For Shamie Kelly, a Cape Coral resident who grew up on Sanibel Island with her mother Carlene Brennen, who is her caregiver, her life was touched and forever changed because of the selfless act of organ donation.

“I don’t want to say put your dreams on hold because that is not true,” she said. “You just learn to do different things. You still have one life and you have to live the life you have.”

On Feb. 5, 2008, Kelly received her first kidney transplant after the doctors diagnosed her with kidney problems Dec. 30, 2003. During the four years of dialysis, she received a minimum of three hours of treatment, three days a week.

After witnessing severe changes, the 45-year-old made an appointment with her doctor for fear of a bladder infection.

Kelly, who was born premature and experienced many childhood illnesses, believes that could have caused a weaker kidney.

“I was in law school and I came home for Christmas break and I was really tired,” she recalled. “I had an appointment already scheduled. Two days before New Year’s I was actually in the shower on the way out to have lunch with one of my friends. My mom came in and said, ‘The doctor is on the phone for you.’ I said, ‘Tell him I’ll call him back.’ She said, ‘No get out of the shower, you need to talk to him.’ They said sorry to inform you, you are in kidney failure and please come to the hospital.
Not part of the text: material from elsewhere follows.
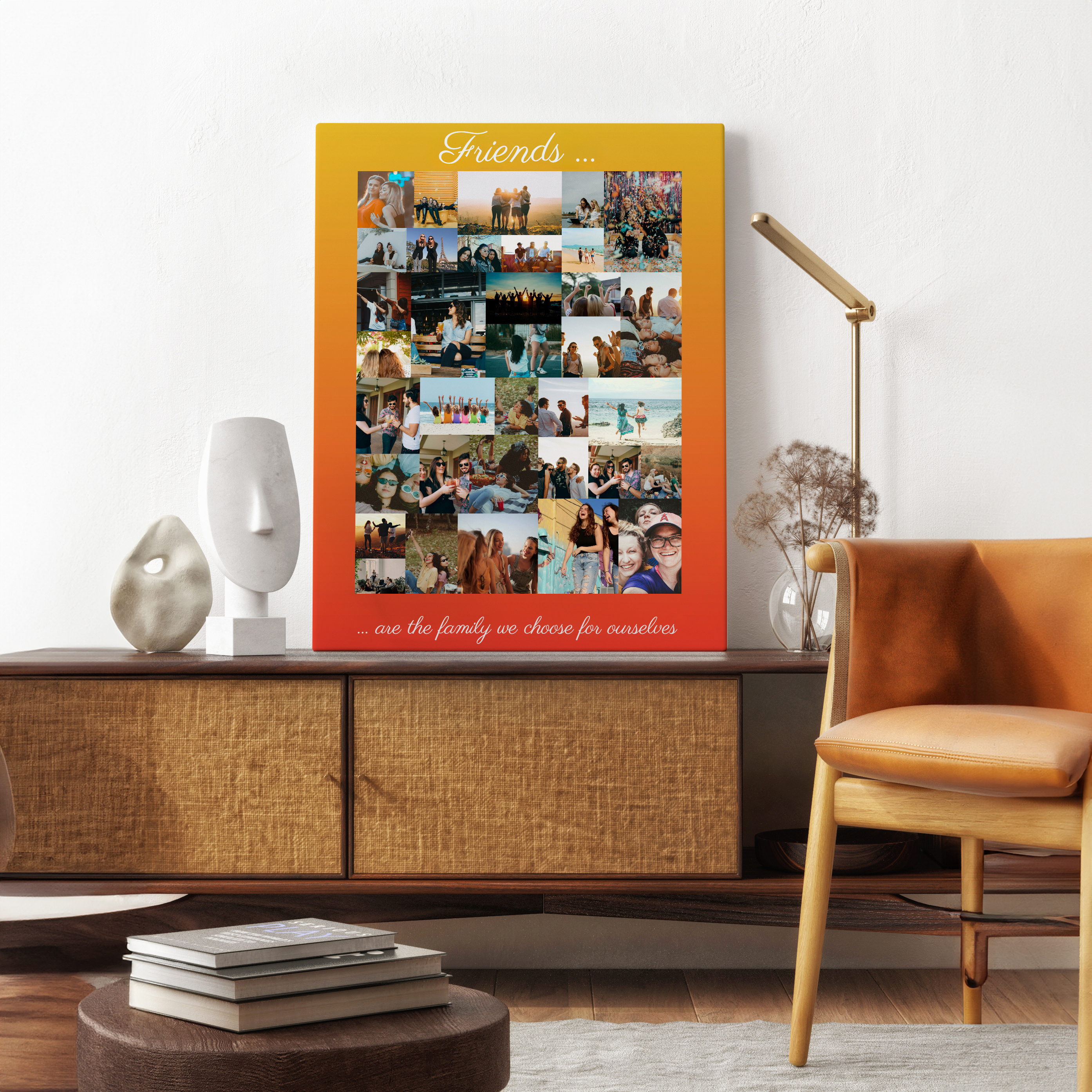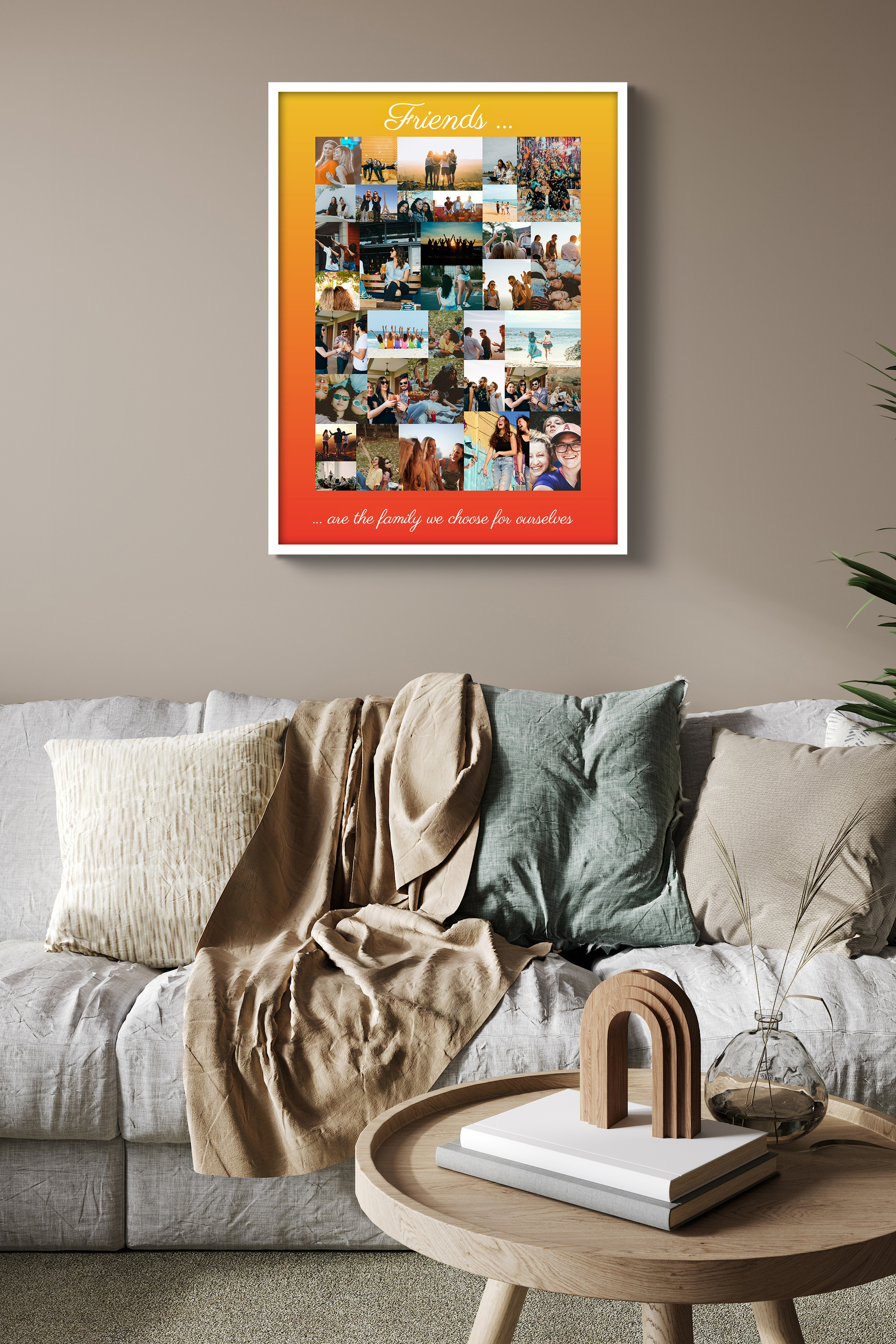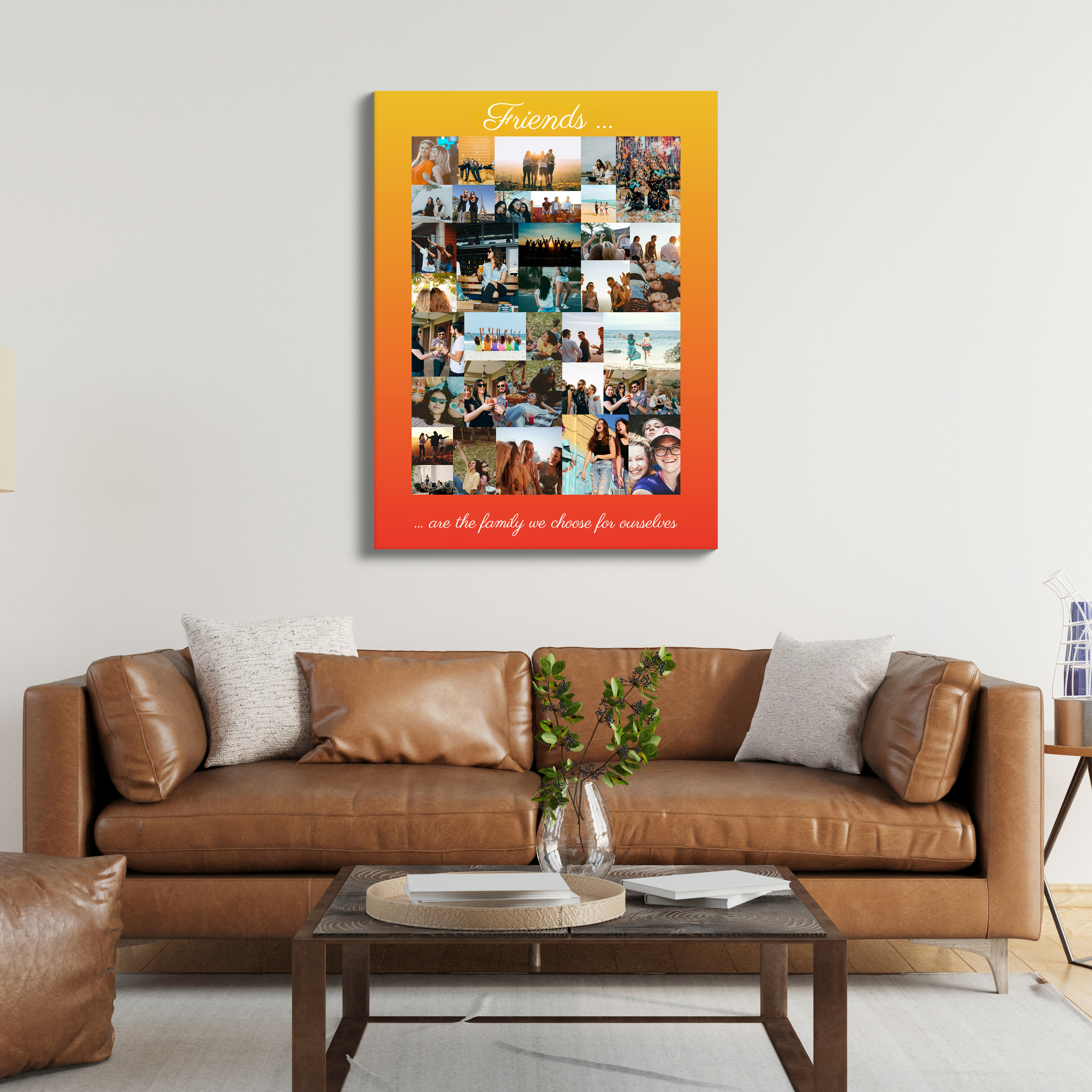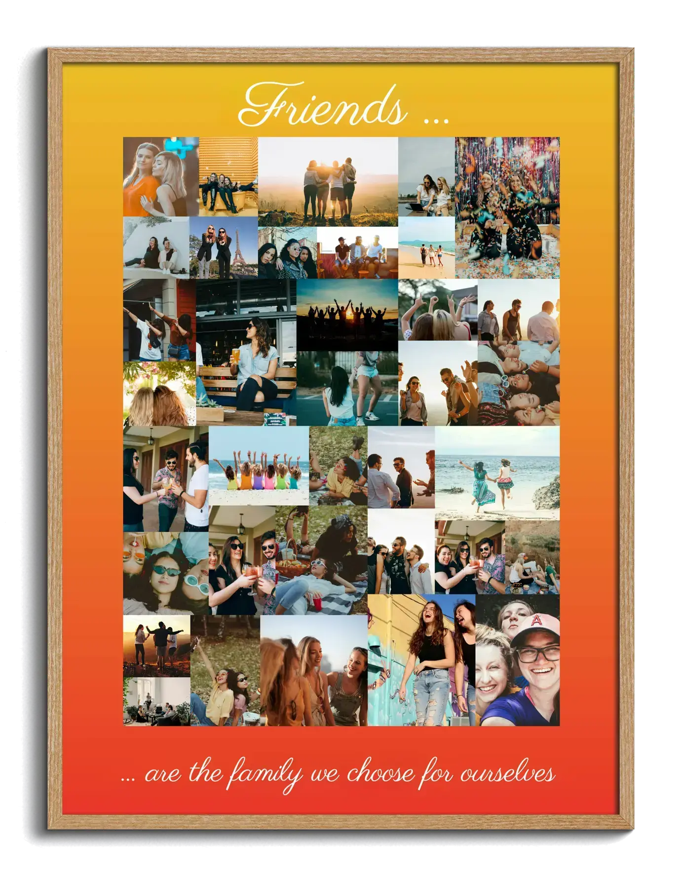 Create a memorable photo collage that captures your cherished moments. This customizable vertical photo collage features a dynamic, wild arrangement of pictures against a vibrant yellow-orange background, displaying various images of friends in different sizes. Accompanied by the heartfelt text "Friends are the family we choose," it's perfect for celebrating friendships. Ideal as a personalized gift for best friends or as a decorative piece in your home, every element, from photos to text, background color, font, and layout, can be tailored to your liking.

We expect you in the next two hours.”

Kelly said had she not scheduled that appointment and headed back to school, she probably would have ended up in the hospital within four days with congestive heart failure.

In December 2011, Kelly lost the kidney due to it fighting her body and allowing blood and proteins to pass through.
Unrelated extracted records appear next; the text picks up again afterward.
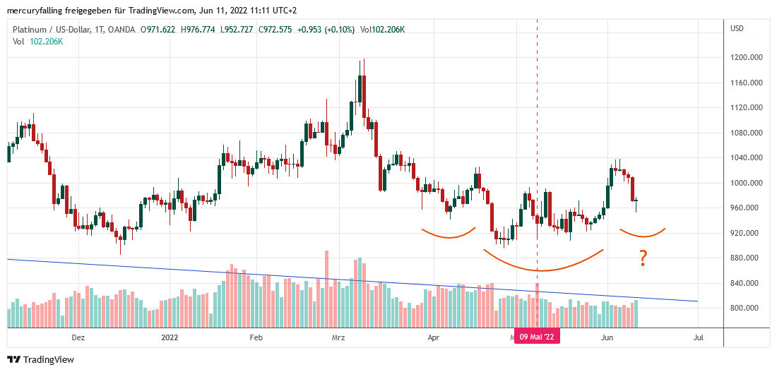 Wie der Preischart verdeutlicht, könnte es sich dabei um die Ausbildung der rechten umgekehrten Schulter einer S-K-S-Formation handeln. Aus diesem Grund dürften die nächsten Handelstage für Platin spannend werden. Denn sollte sich dieses Konsolidierungsmuster verdichten, ließe sich die gesamte Musterbildung seit September 2021 als fraktale und damit sich selbst bestätigendes Bodenmuster in Form einer umgekehrten S-K-S-Formation interpretieren.
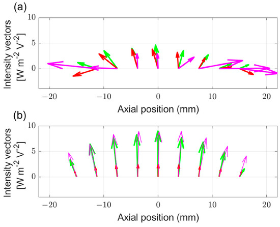 Measured intensity vectors at 300 Hz (a) and at 5000 Hz (b) associated with the acoustic radiation of an open termination (green), MCP1 (red) and MCP2 (magenta).
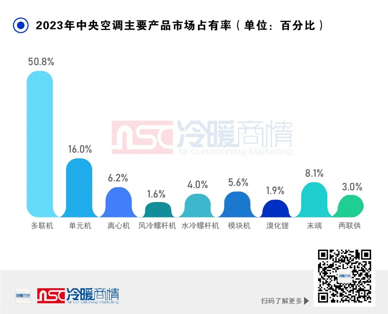 2023年,多聯(lián)機(jī)以50.8%的比例占據(jù)榜首,緊跟其后的是單元機(jī),占有率為16%。
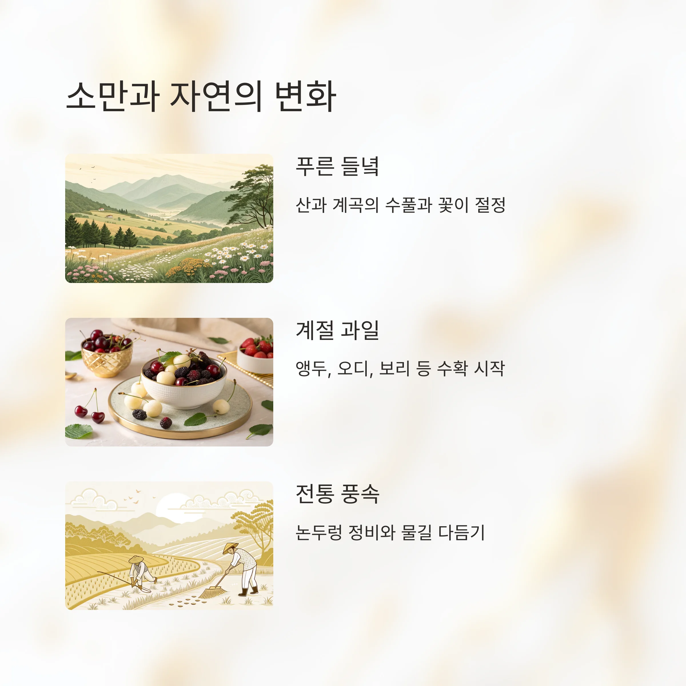 입하는 여름의 시작, 망종은 곡식을 심는 본격적인 농사의 시작이라면, 소만은 이 둘을 이어주는 중심 역할입니다.
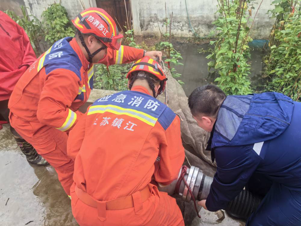 7月10日9时04分,镇江市消防救援支队指挥中心又接到报警:镇江市谏壁镇谏壁油库求助排水。消防人员到场后,发现厂区内下水道堵塞雨水无法排除,水深达到成人膝盖。消防人员立即利用车载泵对下水道进行抽水,共排水约300吨。
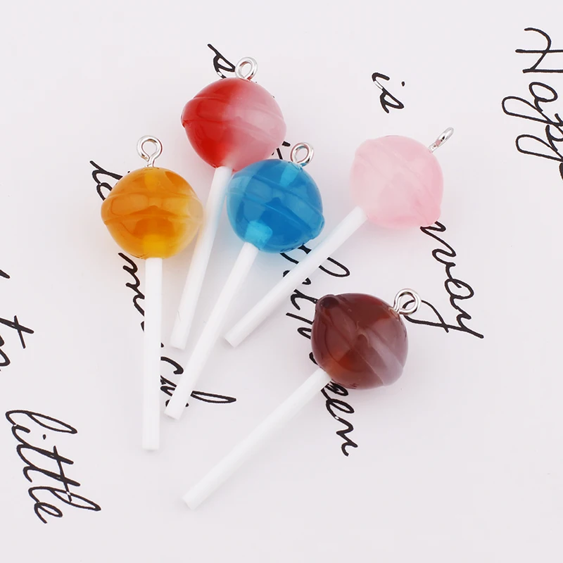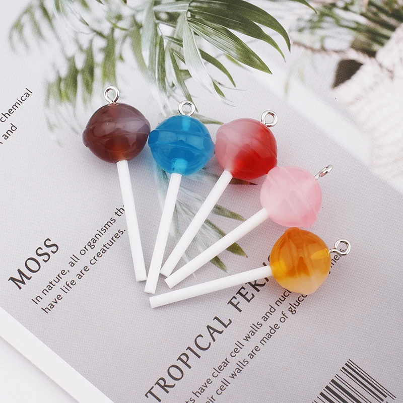 10Pcs Sugar Candy lollipop Resin Charms Diy Findings Kawaii 3D Keychain Earring Pendant Charms For Jewelry Making Suppplies
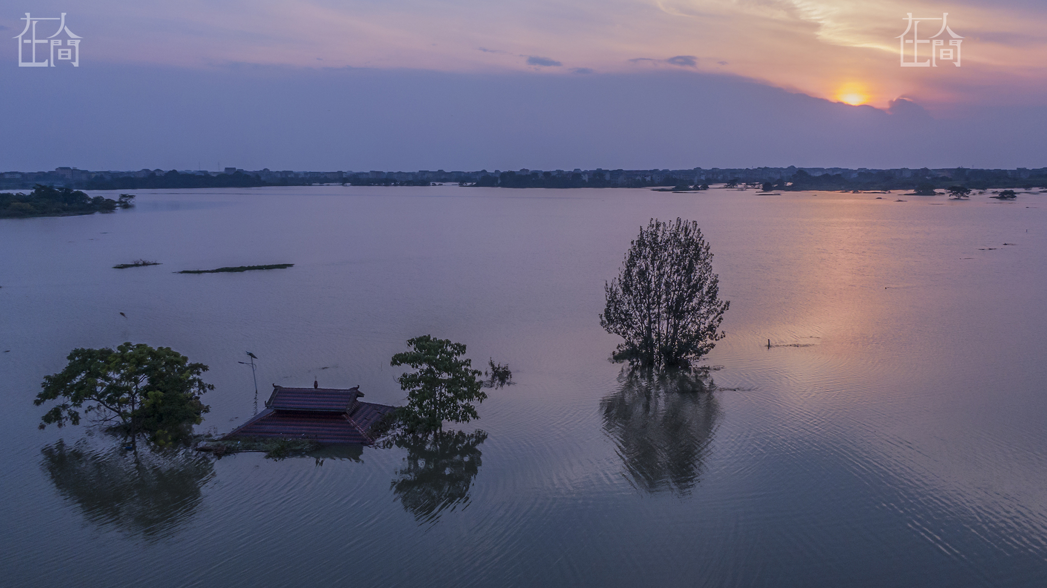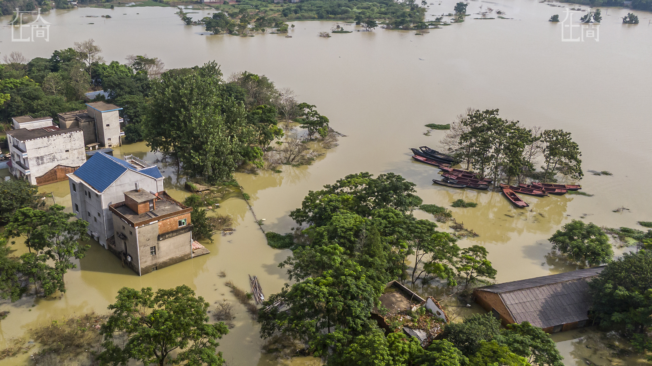 蓝色房顶处相连的三座房子为邵仁妹三代的家,均被洪水包围。分别是大儿子去年建好入住的新房,中间几乎完全淹掉的老瓦房以及1997年建成的老房子,目前是小儿子的住所。

“It was much harder to match me for the second kidney because of all my heath issues,” Kelly said about having surgery to remove a fibroid tumor in her uterus that was causing hemorrhaging, resulting in seven blood transfusions.
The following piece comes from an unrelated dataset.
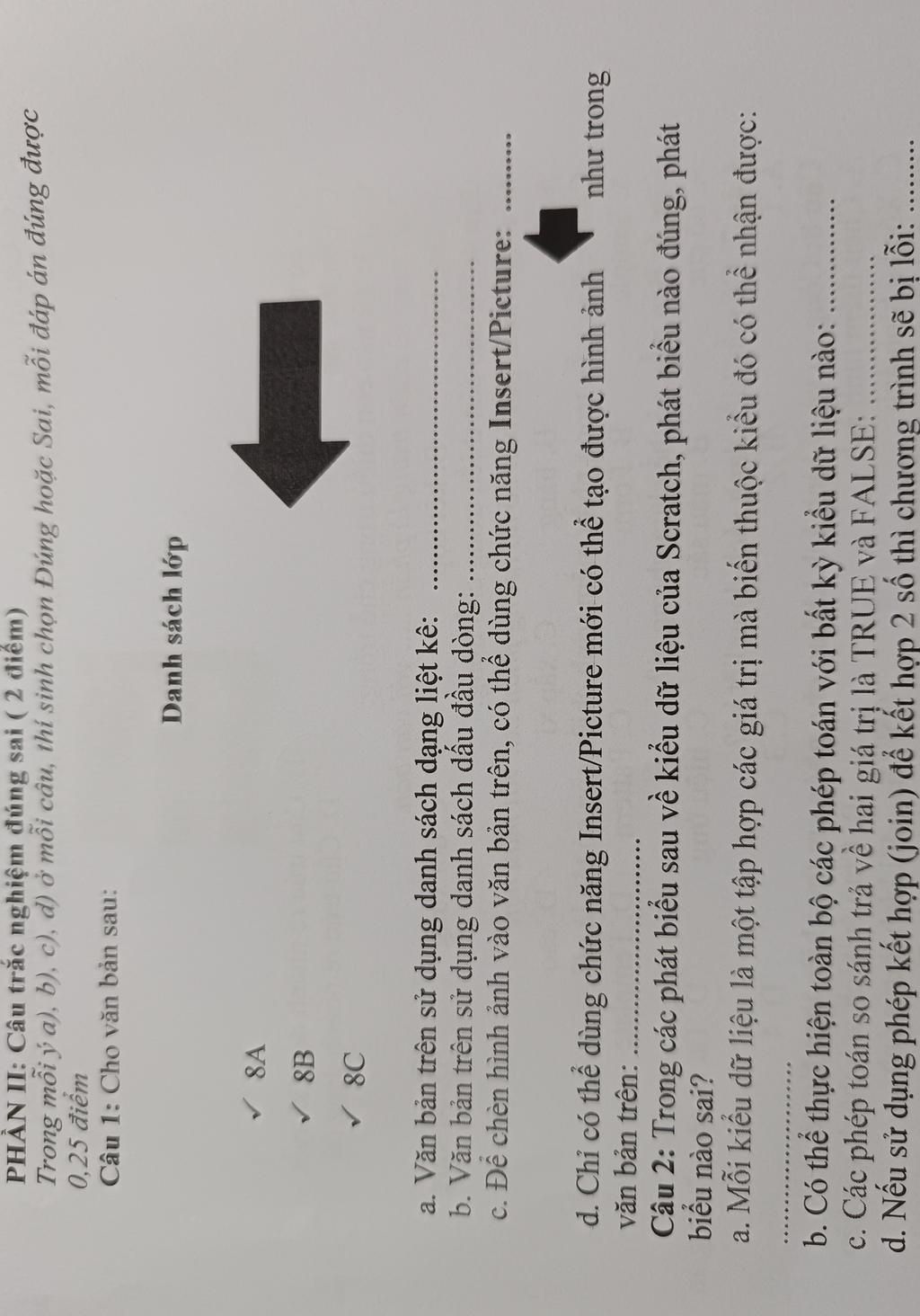 `->` Đúng vì văn bản này liệt kê các lớp 8A,8B,8C theo dạng danh sách .

Exactly one year after she was placed on the transplant list she received the call – a match was found.

Five months after stopping dialysis and having the second transplant surgery, Kelly now feels fabulous and less winded.

“Waiting for the transplant was harder than the transplant,” Kelly said. “I’m just so lucky, especially to have that second one. The second transplant was hard. It was really hard to hear that I had to go back on dialysis because you got a taste of freedom. The first kidney mentally was harder because the first kidney I got sick and it was shocking. We didn’t know anything about it and we just jumped in and did what we had to do and didn’t have any time to respond, or think.”

Since receiving her second transplant on April 3 of this year, Kelly has continued her volunteer work while spreading the message of organ donations. As a member of the Junior League, she is helping put together Taste of the Town, which is scheduled for Nov. 1. A Donate Life booth will be set up, Kelly said to help them reach the goal of registering 50 individuals for organ donations.

More than 122,000 patients are listed on the national organ transplant waiting list, which includes nearly 6,000 listed at Florida based transplant centers. While waiting for an organ donation, approximately 22 patients die each day nationwide.

Such organs as the heart, lungs, kidneys, pancreas and small intestines can be recovered for a transplant. Tissues – corneas, bone, skin, tendons and ligaments – can also be recovered.

Just one organ donor can save eight lives and enhance as many as 60 others through tissue donation.

The Tampa LifeLink Transplantation Immunology Laboratory has facilitated 10,000 organ transplants. Through clinical and scientific tests related to ABO blood group, infectious disease testing, tissue typing, transplant antibody detection, identifications, cross matching and research, the lab connects deceased and living donors with potential transplant recipients. Gulf Coast Medical Center is among the Florida transplant centers the laboratory serves.

Each year more than 1,000 patients and live donors are tested, as well as approximately 300 deceased organ donors. Within the 13 transplant programs served by the LifeLink Transplantation Immunology Laboratory, more than one organ transplant a day is made.

Individuals can register to be an organ donor by visiting www.DonateLifeFlorida.org.